Could someone please describe the process LT is doing to reverse lookup a matching tag? I keep having problems getting some rules to work.
1 a word is matched
2 the postag is stored
3 the replacement word is stored
4 the root word is fetched from the postag dictionary
5 the alternative word is searched in the postag dictionary
6 the child words of this root word are filtered by the regexp and the items matching the stored postag are offered
<rulegroup id="GESCHIEDEN" name="geschieden">
<rule>
<antipattern><token>uw</token><token>wil</token><token>geschiede</token></antipattern>
<pattern>
<token inflected="yes">geschieden</token>
</pattern>
<message>De tekst wordt vlotter als je deze herschrijft met <suggestion><match no="1" postag="WKW:.*" postag_regexp="yes">gebeuren</match></suggestion>.</message>
<url>https://onzetaal.nl/taaladvies/ouderwets-taalgebruik</url>
<example correction="gebeurde">En zo <marker>geschiedde</marker>, want voor Jan is een woord een woord.</example>
<example correction="gebeuren">Ook dit helpen dient beheerst te <marker>geschieden</marker>.</example>
<example correction="gebeurt">Openen <marker>geschiedt</marker> door het duwen tegen de horizontale balk.</example>
<example correction="gebeurde">De controle <marker>geschiedde</marker> door de pastoor.</example>
</rule>
</rulegroup>
In postag="(WKW:.*)" you select the token you want from the original sentence (there can be more than one postag), and in postag_replace="$1" you put what you want to synthesize. In this case you keep the whole original postag, but you can change it totally or partially.
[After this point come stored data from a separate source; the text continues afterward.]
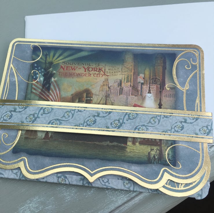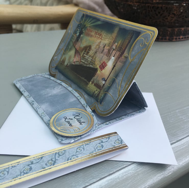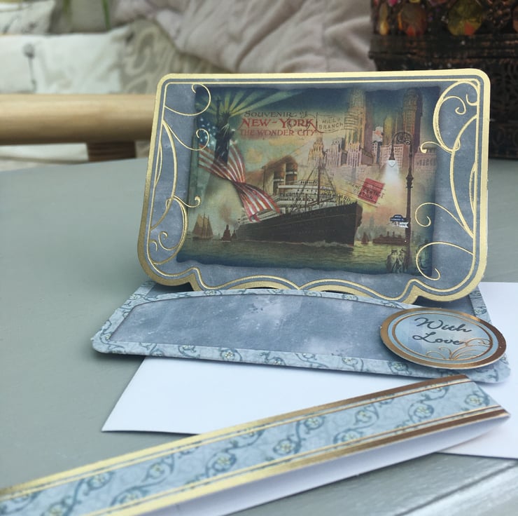 A little bit of New York nostalgia. A small card that doubles up as a gift card holder. This easel card has a vintage image of New York harbour with an ocean liner steaming it's way across. The card is gold edged and has a pocket for a gift card or certificate. The whole card is kept together with a matching belly band. It comes with a matching envelope. The greeting says With love. This versatile card allows you to send a gift or even money for many occations, birthday, bon voyage, anniversary, wedding or honeymoon in a classy way.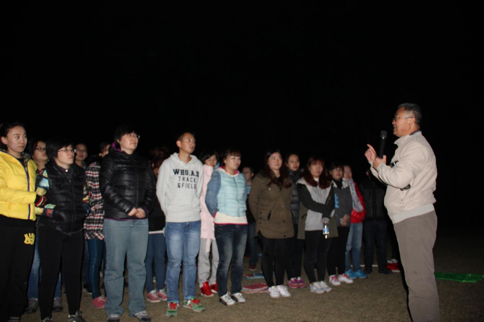 在教練的指揮下,七十多人分成了四個(gè)小團(tuán)隊(duì),各隊(duì)隊(duì)長(zhǎng)、政委、后勤部長(zhǎng)上任,起隊(duì)名,畫(huà)LOGO,喊口號(hào)。開(kāi)始了緊張而有秩序的拓展項(xiàng)目——群龍取水、生死電網(wǎng)、心速追擊,最后的挑戰(zhàn)五分鐘把整個(gè)訓(xùn)練推向了高潮。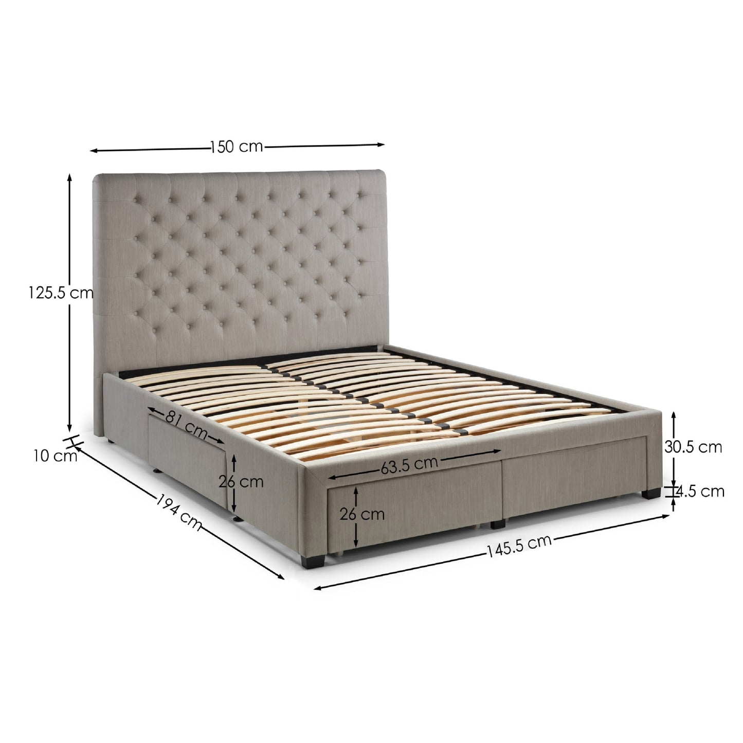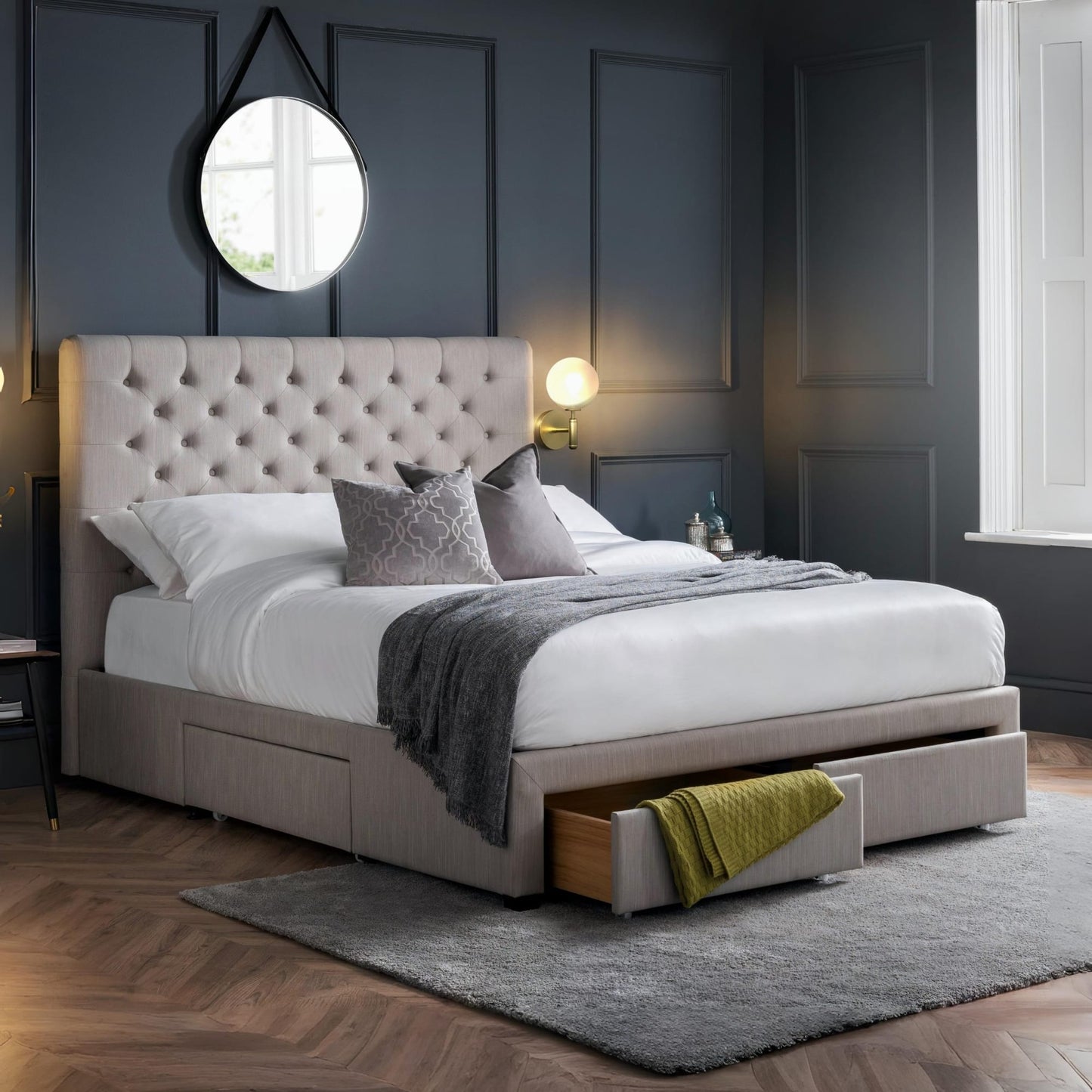 • What’s Included: One Julian Bowen Wilton Deep Button 4 Drawer Bed frame in grey linen. Mattress sold separately – ready to assemble with easy-to-follow instructions.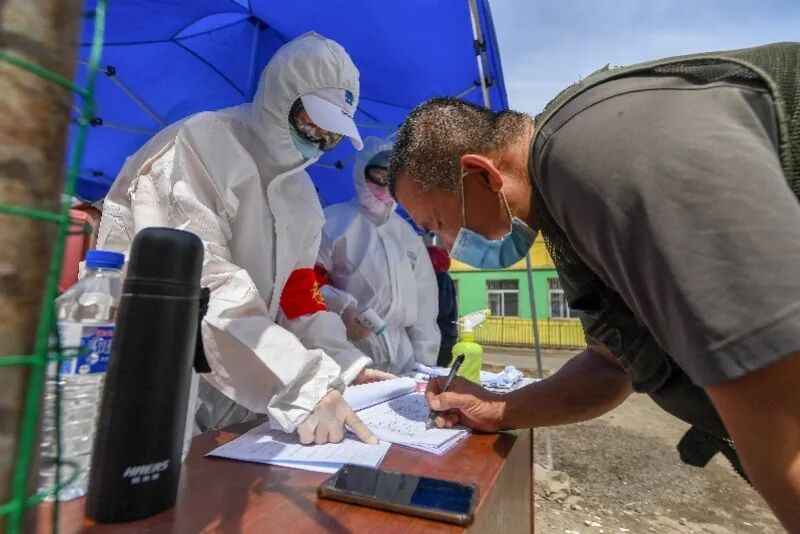 5月11日,在吉林省舒兰市一小区,进出居民在登记体温等信息。新华社发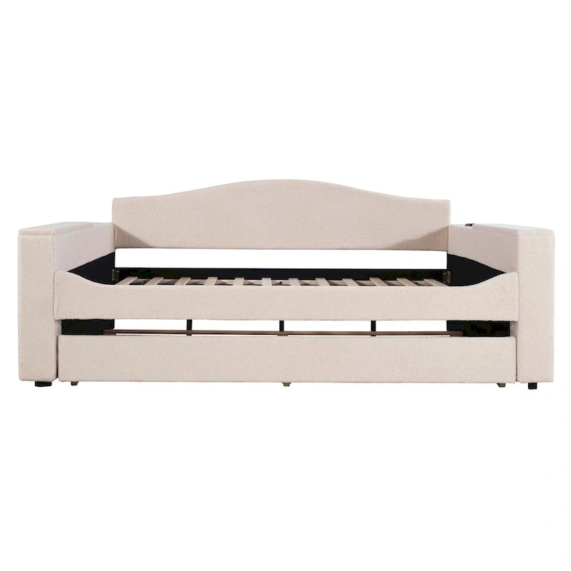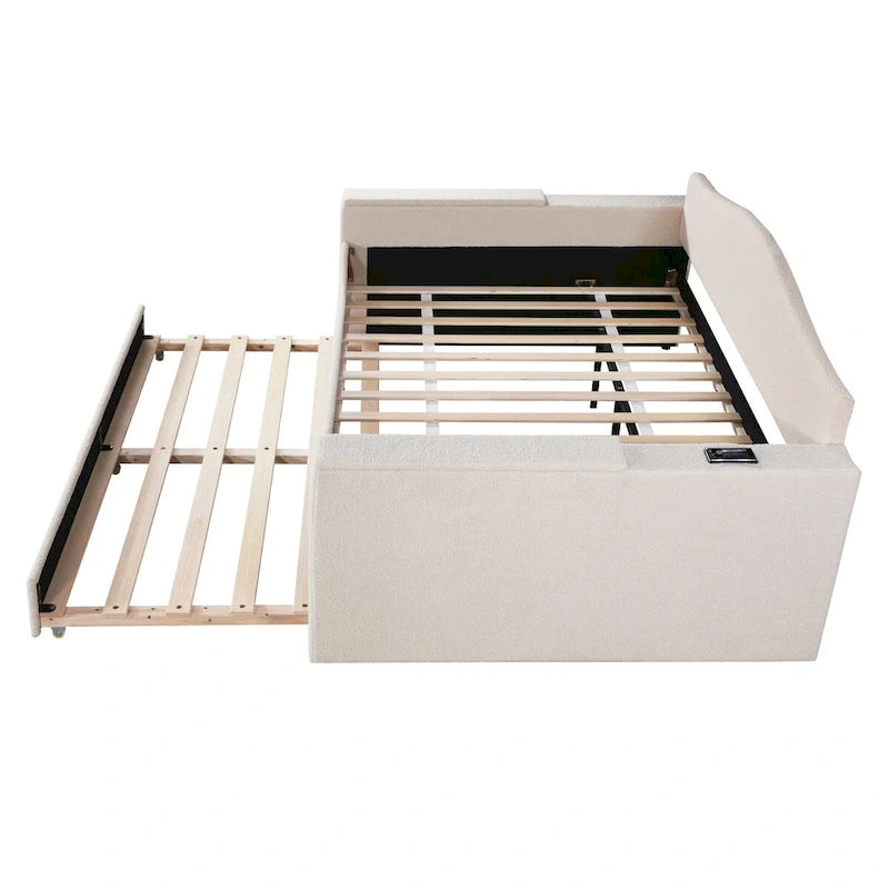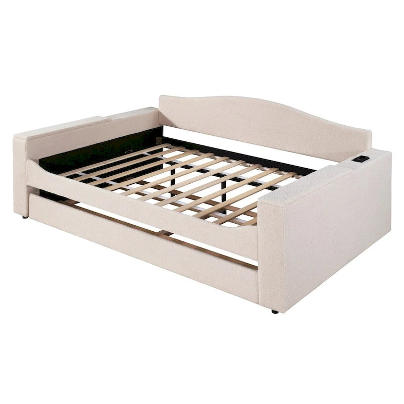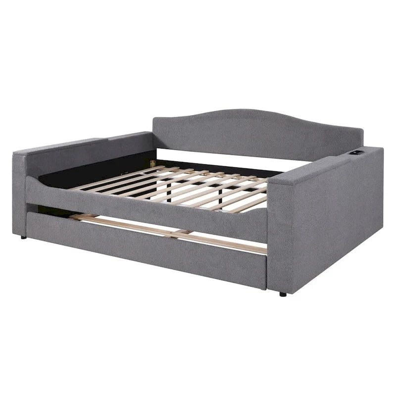 Full Size Upholstered Daybed with Storage Armrests and Trundle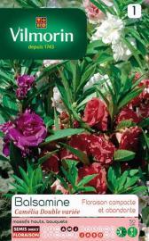 A compact plant with abundant double flowers on a stem, somehow similar to Camellia flowers.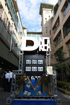 ●校門をくぐり、レッドカーペットならぬブルーカーペットに導かれ、郁文名物「DREAM」オブジェに到着。2日間、約4,500人の来場の皆様をお出迎えしました

I tried this, but it does not help. There must be more. Feel free to edit and test…
Strangely enough, it works for the other forms of ‘geschieden’, like ‘geschiedt’
@dnaber: I think this could be a bug; geschieden is in the dictionary as a WKW.* more than once. This is not very common, but also not rare. It could be LT is not deciding for the correct root?
I guess something is needed to make sure a root is selected; the tag of the matched word is the one to be uses (after regexp replace) to get the right derivative.